Сергий вышел, как всегда, пеш и один, но шел неспешно и заночевал в пути. Дороги давались ему все с большим трудом. Он шел в дорожных лаптях, с посохом и слегка умиленно, с тою внутренней, чуть печальною нежностью к бытию, которая начинает появляться в старости, оглядывал веселые, полные ветра, блеска и птичьего щебета березовые перелески, вдыхал духовитые запахи боров, ароматы трав и вянущего, подсыхающего сена. На отдыхе, набравши горсть земляники, неторопливо, до конца перетирая во рту каждую ягодку прежде, чем проглотить, съел ароматную вологу, посидел еще, прикрывши глаза и ни о чем не думая (редкий отдых, дозволенный им для себя только вот так, в дорогах), и уже намерил встать и идти далее, как прямь него остановилась крохотная, согнутая в дугу старушка в темном платке. Опершись о посох и повернувши голову вбок, точно внимательная сорока, она осмотрела старца, пожевав для чего-то губами, и вдруг вымолвила, вместо обычного, ожиданного Сергием "Благослови, батюшка!":
— А ты, гляжу, игумен, тоже не молод! На седьмой десяток пошло?
— Знаешь меня? — отмолвил Сергий вопросом на вопрос.

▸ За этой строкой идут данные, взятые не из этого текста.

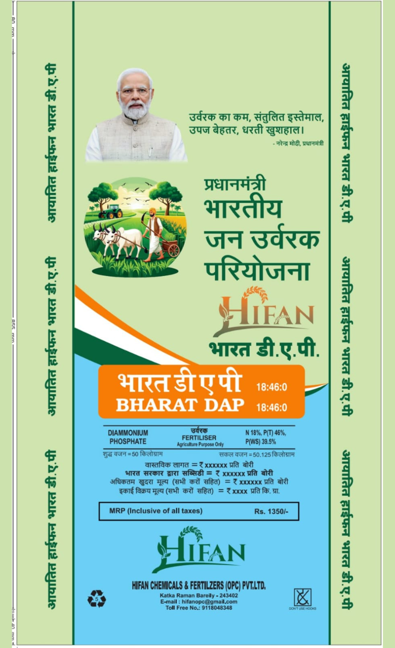 As part of the Pradhanmantri Bhartiya Jan Urvarak Pariyojna, HIFAN proudly presents Bharat DAP (Diammonium Phosphate) – a balanced fertilizer with 18% Nitrogen and 46% Phosphorus.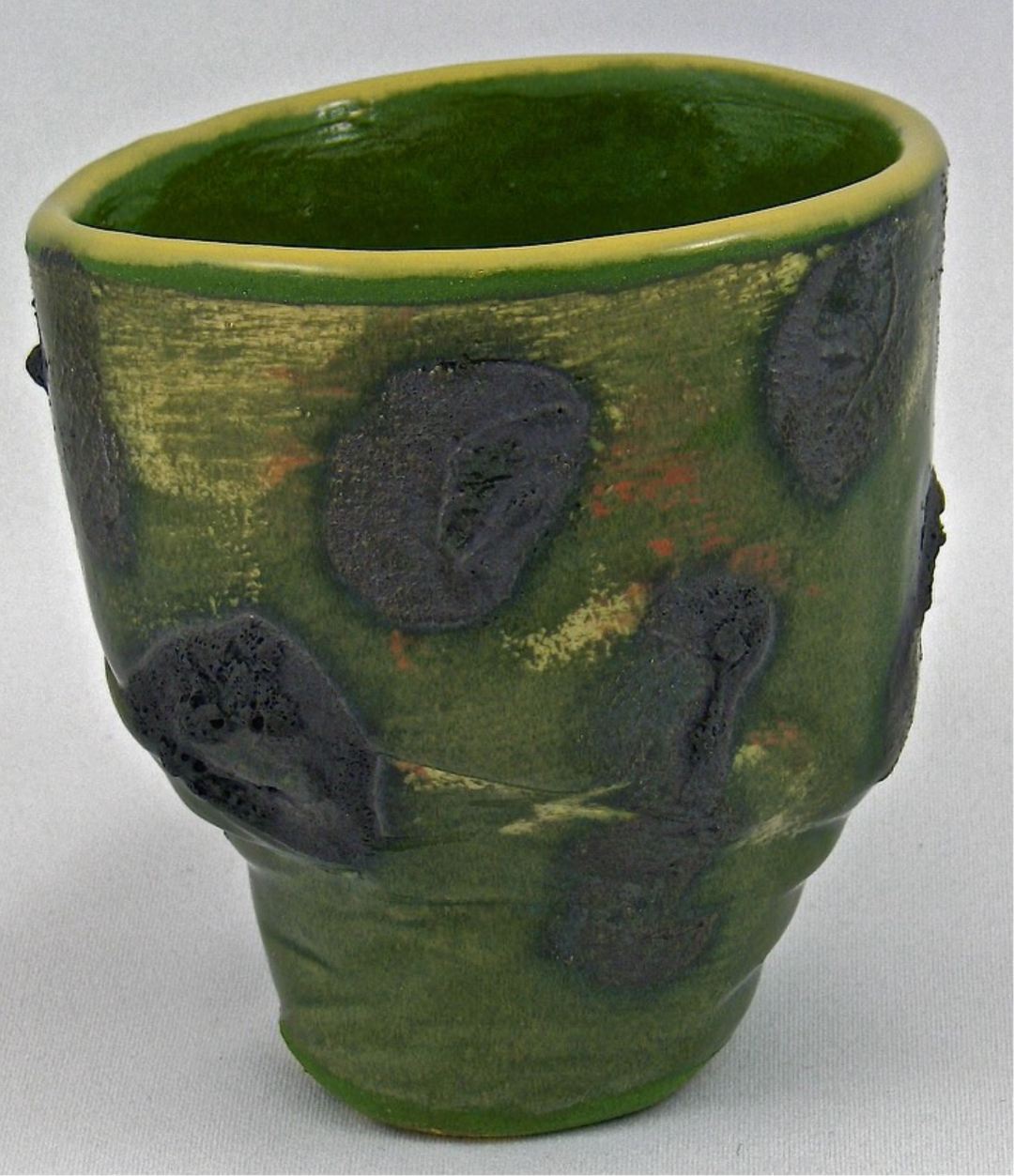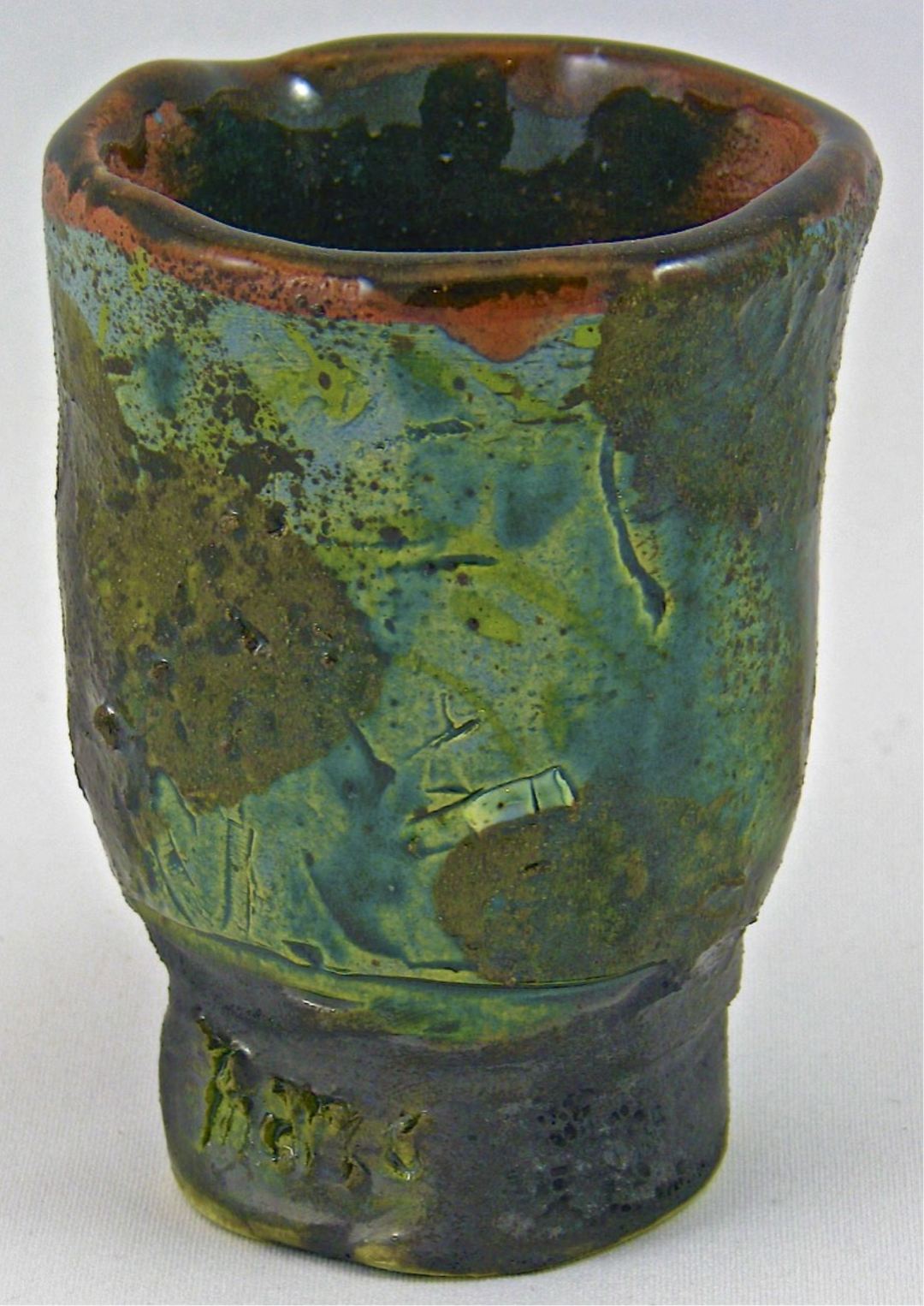 Tea Bowl #12 The Technique: How I did this awesomeness! Combining a slab-building and stick-hit-forming method to make the actual bowl, I worked it wet and fast. While still wet, I painted the whole thing in a green underglaze and tipped the rim clean, dabbed on some grog mixed with manganese stain, then I set … Continue reading 500 Works of Art on the Road to Your Creativity #236 – Tea Bowl #12

— Знать-то как не знать! А чтобы вот так-то поглядеть близь, дак впервой. — И пояснила, почуяв старцево недоумение: — Ведьма я. Ведунья! Тебе, поди, сором и баять со мною?

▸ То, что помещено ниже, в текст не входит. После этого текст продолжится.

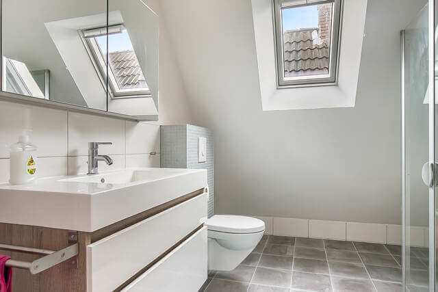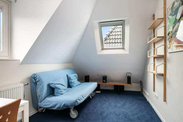 De tweede slaapkamer bevindt zich aan de voorzijde van de woning en heeft twee dakramen.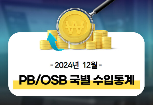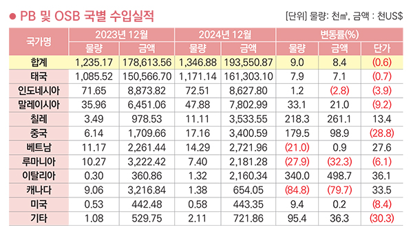 PB 및 OSB 국별 수입금액은 태국>인도네시아>말레이시아>칠레>중국 순이고 2024년 12월까지 누적 금액은 193,550천 달러. 약 2,612억 원이다. 전년 동월 대비 수입금액은 8.4% 증가했고 물량은 7.9% 증가, 단가는 0.6% 하락했다. 수입국 중 태국이 금액으로 83.4%를 차지했고 물량으로 87.3% 차지했다.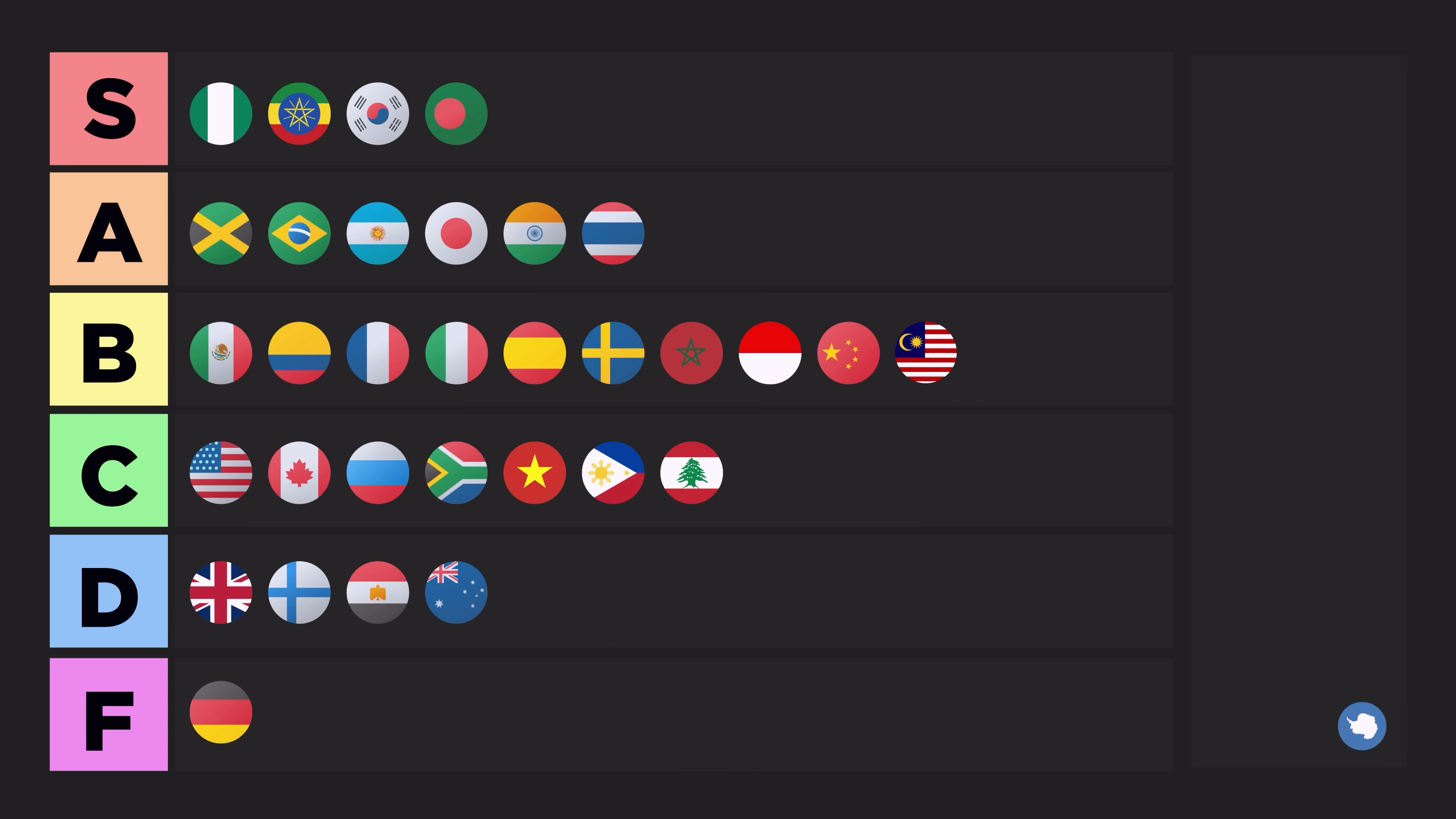 전세계 급식 먹어보고 등급 매겨봤습니다 댓글 0 조회 511 4시간전 작성자 : 갓파 좋아요 팔로우 게시글 보기 (나라-사진-등급 순으로 봐줘) 미국 C 캐나다 C 맥시코 B 자메이카 A 브라질 A 아르헨티나 A 콜롬비아 B 프랑스(코스요리) B 이탈리아 B 스페인 B 영국 D 스웨덴 B 핀란드 D 독일 F 러시아 C 모로코 B 나이지리아 S 에티오피아 S 남아프리카공화국 C 이집트 D 일본 A 한국 S 인도 A 태국 A 베트남 C 인도네시아 B 방글라데시 S 중국 B 필리핀 C 말레이시아 B 레바논 C 호주 D 갓파님의 최신 글 10.11 트럼프 한마디에 비트코인 근황 10.11 범고래 떼를 유일하게 이길 수 있는 생명체 10.11 영국 장어젤리보다 유명한 노동자 밀크티 일화 10.11 양심 개박살난 당근 알바 10.11 일본 게임에 등장한 익숙한 장면 10.11 한국인들이 즐겨먹는 라면 브랜드 회사 순위 10.11 "한국 사람들 맞아?" 캠핑족 논란 10.11 서양에서 마니아층 있는 주택 스타일 10.11 80년대생 아주머니들이 썼다는 말투 10.11 요즘 완전히 맛이 가버린 웹툰

— Ежели злого не творишь, нет на тебе греха, — возразил Сергий.
— А почто тогда попы гонят нас и в церкву не пущают взойти?
— А почто вы бесов, и лесных, и баенных, и полевых, и овинных призываете? Неможно служити заедино Богу и демонам! Такожде, как не-можно молиться разом и Христу, и Мехмету! Господь создал мир, и всякая тварь — в воле его!

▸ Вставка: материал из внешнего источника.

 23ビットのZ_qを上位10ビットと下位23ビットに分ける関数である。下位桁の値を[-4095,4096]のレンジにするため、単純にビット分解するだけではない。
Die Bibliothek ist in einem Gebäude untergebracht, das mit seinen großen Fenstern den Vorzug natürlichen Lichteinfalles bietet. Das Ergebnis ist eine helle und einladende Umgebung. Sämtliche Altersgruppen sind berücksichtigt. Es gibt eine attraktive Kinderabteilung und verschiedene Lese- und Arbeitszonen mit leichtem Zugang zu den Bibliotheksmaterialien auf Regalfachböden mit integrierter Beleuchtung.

— Дак, стало, и морские-озерские-овинные — та же Господня тварь! Почто их-то не приемлешь, игумен? Може, они, махонькие, тоже плачут тамо, у себя, в рай Господень хотят, а ты их гонишь? Може, пото и вредят людям, с тоски да с обиды той?
— Не тварь, старая! А нежить, дьяволовы слуги. Крадут свет у верных, тем и живут! Пото и прещает церковь молиться и служити им, — возразил Сергий как можно тверже.
Старуха покачала головой, как-то скривилась вся, подумала.
— Мы, однако, имя Господне в заговорных словах завсегда творим, — ответила, — ключ, замок и аминь, аминь! — глаголем.
Помолчала. Глянула с прищуром:
— А ноги у тя болят, игумен! Надобно парить травой зверобоем с березовой почкою да с крапивою али лопухом. Горец тоже хорош, костяника, трава золотарник с липовым цветом. И парить, и пить отвар-от. Хошь, с приговором, хошь, и без приговору, раз уж твоя стезя такая. С приговором-то крепче! Я вон, согнуло уж коромыслом, а бегаю и о сю пору борзо!
— А тебе пошто здоровье мое? — возразил Сергий, невольно дивясь настырной старухе.